The U.S. is facing an impending shortage in doctors, nurses, and other health care providers, with some models showing demand outpacing supply by as early as 2025, with a shortfall of hundreds of thousands of workers across professions and specialties, including physicians, nurses, health aides, and lab technicians. These are the kinds of shortages rural America has been facing for decades. Today, rural areas make up more than 60% of the nation’s Health Professional Shortage Areas.

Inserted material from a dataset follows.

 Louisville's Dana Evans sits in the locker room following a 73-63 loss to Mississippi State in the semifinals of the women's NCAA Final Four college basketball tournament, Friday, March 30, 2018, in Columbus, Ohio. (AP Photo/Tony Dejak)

The health care shortages experienced in rural Nebraska are representative of those found in rural states across the country. Shortages of physicians, nurses, and other providers are ubiquitous. Rural hospitals continue to close at an alarming rate, and certain professions, such as mental health practitioners or obstetrician gynecologists (OB/GYNs), are wholly absent from substantial portions of the state. This has contributed to a vicious cycle, where health resources leave because populations are decreasing or economic incentives are too low, and populations continue to decrease, in part, because health care resources are harder to access.
The question of how to attract, educate, and retain a rural health care workforce has become a perennial one, with no easy answers and no silver bullet. That said, Nebraska and other states have taken steps in the right direction, such as granting full practice authority to advanced practice registered nurse-certified nurse practitioners (APRN-CNP), and providing a loan repayment program for physicians practicing in rural areas.
This paper will examine the present state of affairs with regard to the workforce shortage in Nebraska’s rural health care system, review policy interventions implemented in other states, and make recommendations for addressing this ongoing problem.